- Born: 8 November 1823 St Pancras, London
- Died: 5 January 1892 (aged 68) Brixton, London
- Education: King's College School
- Occupation: Chemist
- Spouse: Ellen Labatt (d. 1901)
- Father: Dr. Adolphus Bernays

= Albert James Bernays =

Albert James Bernays (8 November 1823 – 5 January 1892) was a British chemist. He was the son of Dr. Adolphus Bernays (d. 22 December 1864), modern languages Professor at King's College, London.

==Life==
Bernays was educated at King's College School, and studied chemistry with C. Remigius Fresenius, and afterwards, with Justus Liebig at Giessen, where he graduated PhD. His doctoral thesis was probably a paper on limonin, a bitter principle which he discovered in the pips of oranges and lemons (published in Buchner's Repertorium für die Pharmacie and abstracted in Liebig's Annalen, 1841, xl. 317). In 1845, he began his career as an analyst and lecturer on chemistry in Derby, and became known for his interest in questions concerning food and hygiene. In 1851, he served as a juror at the Great Exhibition. In 1852, he published the first edition of Household Chemistry, a popular work, of which the fourth edition, published in 1862, was called The Science of Home Life, and the seventh edition, published in 1869, The Student's Chemistry. In 1855 Bernays was appointed to the lectureship in chemistry at St Mary's Hospital, London; he resigned in 1860, and accepted a similar post at St. Thomas's Hospital, which he retained till his death. Bernays was also public analyst to St. Giles's, Camberwell, and St. Saviours, Southwark, was for many years chemist and analyst to the Kent Water Company, and sometime examiner to the Royal College of Physicians. He died from bronchitis at Acre House, Brixton, on 5 January 1892, and was by his own desire cremated at Woking.

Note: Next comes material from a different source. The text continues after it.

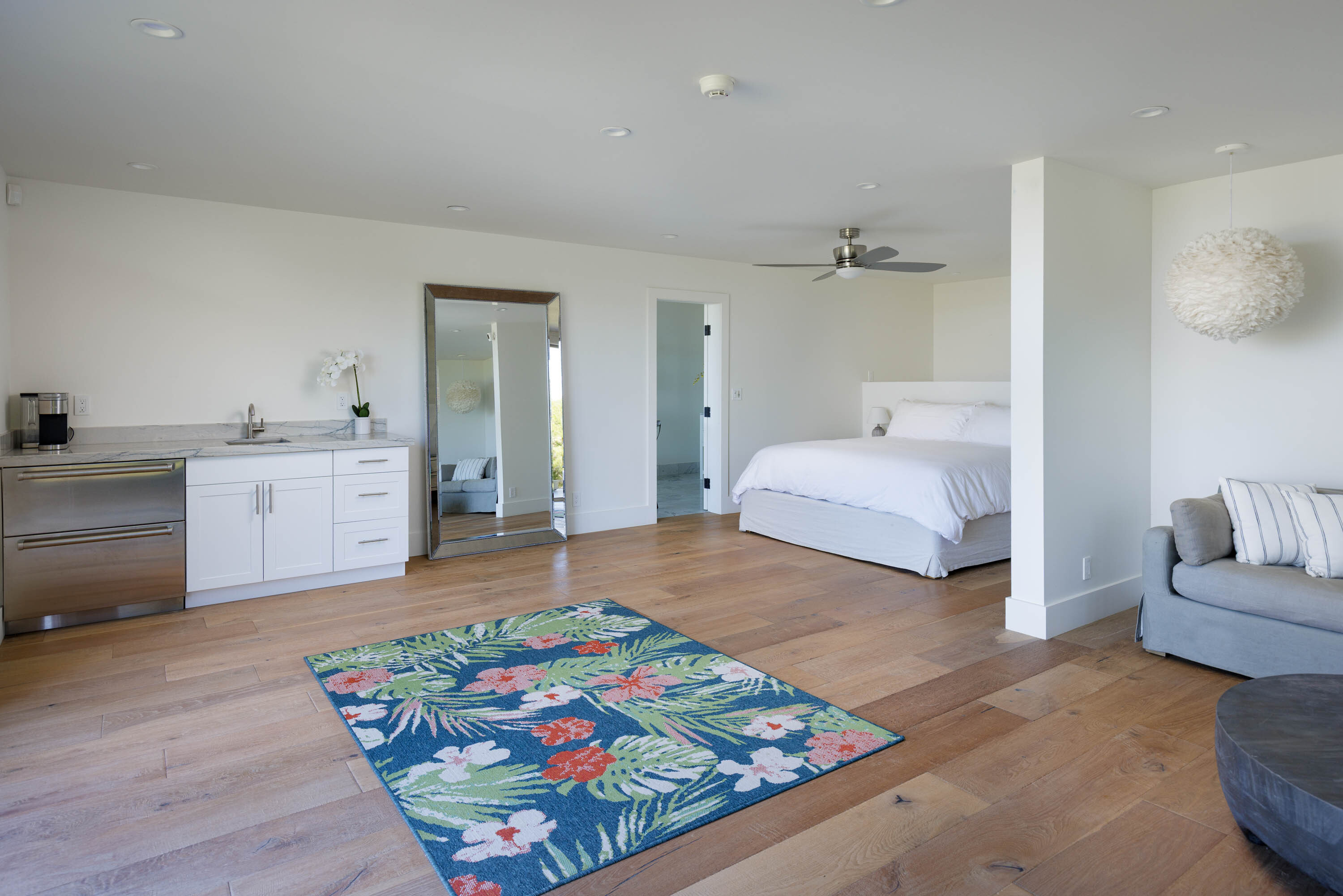 The great room features vaulted ceilings, expansive ocean facing windows, and a Carrara marble island. The chef’s kitchen is equipped with Sub Zero and Wolf appliances. A full butler’s pantry with a wine fridge, freezer, an additional dishwasher and ample storage supports larger gatherings. The upstairs primary suite captures panoramic views and includes a walk in closet and dedicated office nook.
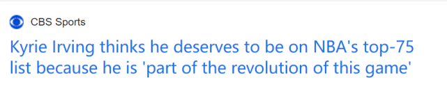 欧文抱怨未入选75大巨星!自称篮球变革一份子,卡特没上榜也不满

Bernays was a genial man and a capable and popular teacher; he took a great interest in social matters generally, and gave over a thousand free public lectures during his lifetime. Besides the works mentioned above he published a small manual on food in 1876, an essay on The Moderate Use of Alcohol True Temperance, published in the Contemporary Review and reprinted with essays by others in The Alcohol Question, various editions of Notes for Students in Chemistry, and miscellaneous lectures on agricultural chemistry and other subjects. He also carried out investigations on the atmosphere of Cornish mines and on dangerous trades, and made inventions in water filtration. He was a fellow of the Chemical Society and of the Institute of Chemistry.

==Family==
He married Ellen Labatt, daughter of Benjamin Evans; she died on 6 February 1901 (Times, 8 February 1901). One of his brothers was Lewis Adolphus Bernays, notable public servant in Queensland, Australia.